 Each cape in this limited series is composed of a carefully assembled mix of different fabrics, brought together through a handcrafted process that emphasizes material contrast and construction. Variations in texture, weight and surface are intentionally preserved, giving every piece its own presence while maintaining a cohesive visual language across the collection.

^^^^

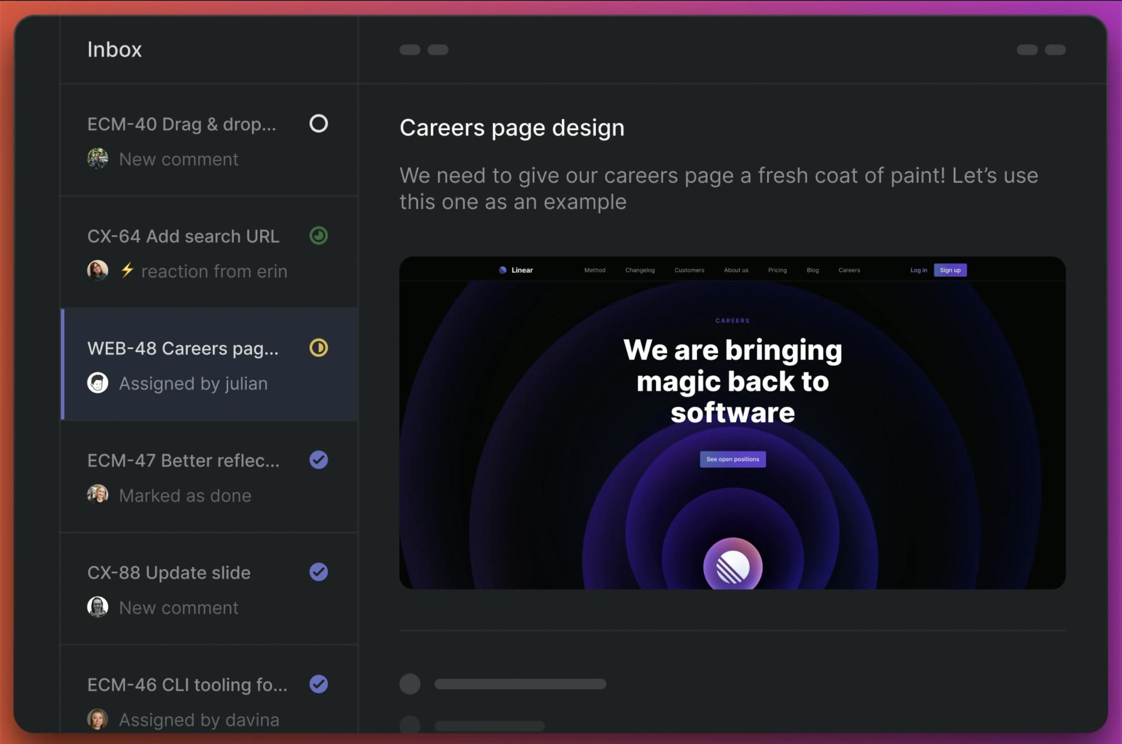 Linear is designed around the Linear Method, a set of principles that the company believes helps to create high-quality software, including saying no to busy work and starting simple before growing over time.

^^^^

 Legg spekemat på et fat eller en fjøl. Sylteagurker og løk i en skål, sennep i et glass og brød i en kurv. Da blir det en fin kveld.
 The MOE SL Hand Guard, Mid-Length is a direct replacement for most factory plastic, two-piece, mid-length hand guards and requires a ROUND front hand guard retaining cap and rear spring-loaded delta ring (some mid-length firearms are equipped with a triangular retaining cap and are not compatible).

^^^^

Find every line in the records above that contains the word "piece", and copy each one.

Task result =
 Each cape in this limited series is composed of a carefully assembled mix of different fabrics, brought together through a handcrafted process that emphasizes material contrast and construction. Variations in texture, weight and surface are intentionally preserved, giving every piece its own presence while maintaining a cohesive visual language across the collection.
 The MOE SL Hand Guard, Mid-Length is a direct replacement for most factory plastic, two-piece, mid-length hand guards and requires a ROUND front hand guard retaining cap and rear spring-loaded delta ring (some mid-length firearms are equipped with a triangular retaining cap and are not compatible).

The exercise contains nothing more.